Perante esta decisão a autora, por requerimento de 06.11.2007 veio juntar o comprovativo do pagamento da taxa de justiça e do depósito do preço a que alude o artº 1410º do Código Civil.

Prescreve o artº 476º do CPC que o autor pode apresentar outra petição ou juntar o documento a que se refere a primeira parte do disposto na alínea f) do artigo 474º (documento comprovativo do prévio pagamento da taxa de justiça inicial) dentro dos 10 dias subsequentes à recusa de recebimento ou de distribuição da petição, ou à notificação da decisão judicial que a haja confirmado, considerando-se que a primeira petição foi apresentada em juízo

(sublinhado nosso).

A autora socorreu-se do aludido normativo, como aludimos supra, razão pela qual, a acção se considera proposta na data da entrada da petição em juízo, ou seja, 12.02.2007.

Dispunha, por isso a autora do prazo de 15 dias, desde esta data, para proceder ao depósito do preço, portanto até ao dia 27.02.2007.

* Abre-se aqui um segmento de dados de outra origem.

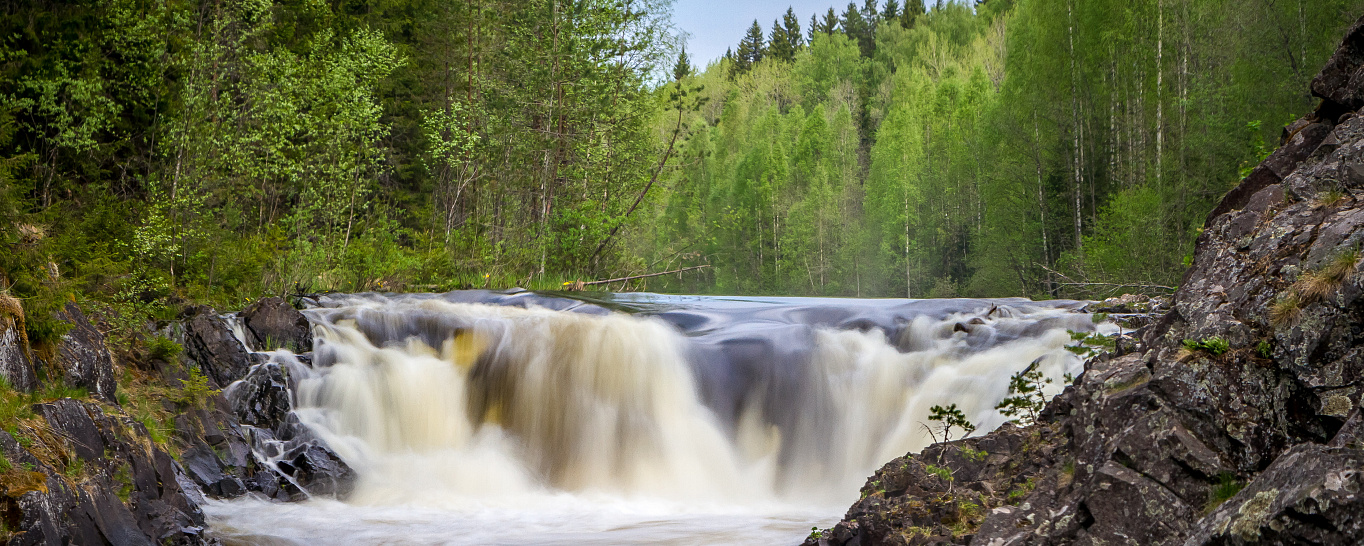 Выглядит водопад на удивление по-тропически и имеет несвойственный для Карелии экзотический вид. Белопенные чистые струи красиво обрамляет свежая зелень деревьев.

Na verdade, perante a decisão que absolveu os réus da instância pelos fundamentos referidos supra, a autora poder-se-ia ter conformado e intentar nova acção. Interpondo recurso, como fez, das duas uma:

a) Ou procuraria beneficiar da faculdade a que alude o artº 476º do CPC, considerando-se a acção proposta na data em que petição deu entrada em juízo, como refere a parte final desta disposição legal;

b) Ou instauraria nova acção, não beneficiando do aludido normativo, podendo depositar o preço 15 dias após a proposição desta nova acção e sujeitando-se ao prazo dos seis meses a que alude o artº 1410º do Código Civil.

A autora optou pela solução referida na alínea a), razão pela qual terá que aceitar, em toda a sua extensão e previsão as consequências daí decorrentes.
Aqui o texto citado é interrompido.